The new commander of the Airborne Brigade met with personnel.
- And you, ordinary Pilipenko, how many times a parachute jump?
- Why one?
- The parachute failed to open.
- A spare?
- And what has saved your life?
- But is it life? Already half a year without a vacation!
The instructor for courses on engineering, asked this question the future officers:
- Imagine that the three-meter tower with a flagpole fell. At your disposal is a sergeant and the department of eight people. Your actions? Showered with offers, how to use those or other techniques to install a mast.
- Wrong, all wrong! - Said in response to the instructor. - You just have to order: "Sergeant, put the mast in place."
Corporal catching a bored soldier ..
- A soldier! Take the crowbar and go sweep the parade!
- Sir, can better broom?
- I do not have better. I need you to заебался!
Captain James, a member of the Vietnam War, said:
- Once the enemy began heavy shelling of our rockets. Under the sirens my friend and I rushed into the nearest hole. Lying on her bottom with his eyes closed and a heavy heart, I listened to the explosions, when my friend nudged me in the ribs and said: "feel the earth moving beneath us?" I was about to reply, but then out from under us sounded muffled voice: "Do not pay any attention to it. Below you even safer."
funny sayings jokes
- Orderly, where are we going?
- In the morgue.
- So I'll show is not dead yet!
- So we have not yet arrived ...
The editor asks his correspondent:
- You were at the meeting of the Senate. And what of the new senator said?
- Absolutely nothing ...
- Fine. Urgently prepare report on the front page.
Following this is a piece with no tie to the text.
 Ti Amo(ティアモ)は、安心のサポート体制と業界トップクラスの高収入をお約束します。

But less than six pages!
There comes a patient to the doctor and says:
- Dr. hurts me in the ass.
- Well, get on your knees ... Yes .. Come elbows bend ... and the priest both higher ... verge ... And now become the same here at the window ... No let down here to the closet ... No, that's better than here in the corner ... So ...
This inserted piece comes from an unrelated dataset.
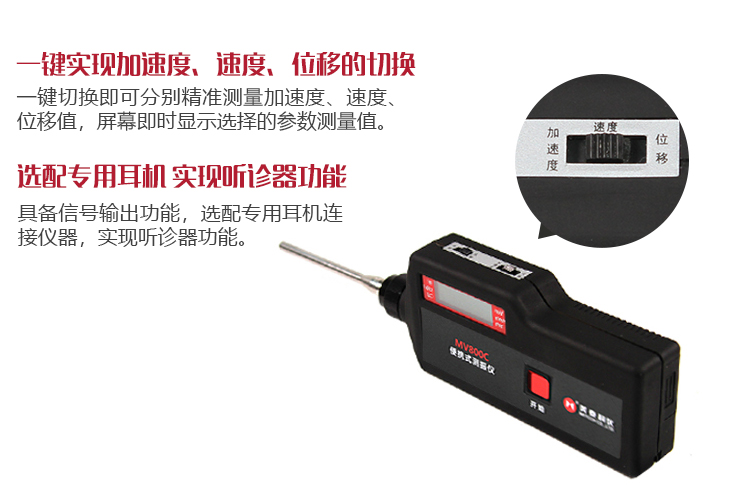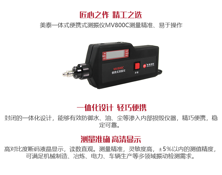 產(chǎn)品概述美泰袖珍一體化測振儀MV800C系列是由壓電式傳感器和數(shù)字顯示電路組成的手持式測振儀表,主要用于測量各種旋轉(zhuǎn)機(jī)械的振動加速度、速度和位移。MV800C系列分兩種型號MV800C-5(頻響范圍:5Hz~10KHz)和MV800C-10(頻響范圍:10Hz~10KH),可滿足常規(guī)測振使用需求以及低頻振動測量需求。該產(chǎn)品測量范圍廣,顯示直觀、一體化的設(shè)計(jì)體積小、重量輕,測量攜帶方便,特別適用于野外無電源的現(xiàn)場作業(yè)及高空作業(yè),大大減少工作人員的工作強(qiáng)度,提高工作效率。

- Doctor, perhaps I did not have hemorrhoids?
- Yes, hemorrhoids, of course, now I'll give candles ...
- And why you moved me around the room?
- Yes, that's a table I want to buy, here and look how it will look ...
One very experienced gentleman asks only that a married friend:
- Tell your wife had any dowry?
- No, no.
- Besides, they say, it is quite independent?
- Yes, it's true.
- Then why, my friend, you decided on such a serious step?
- Why? It's very simple - I love it!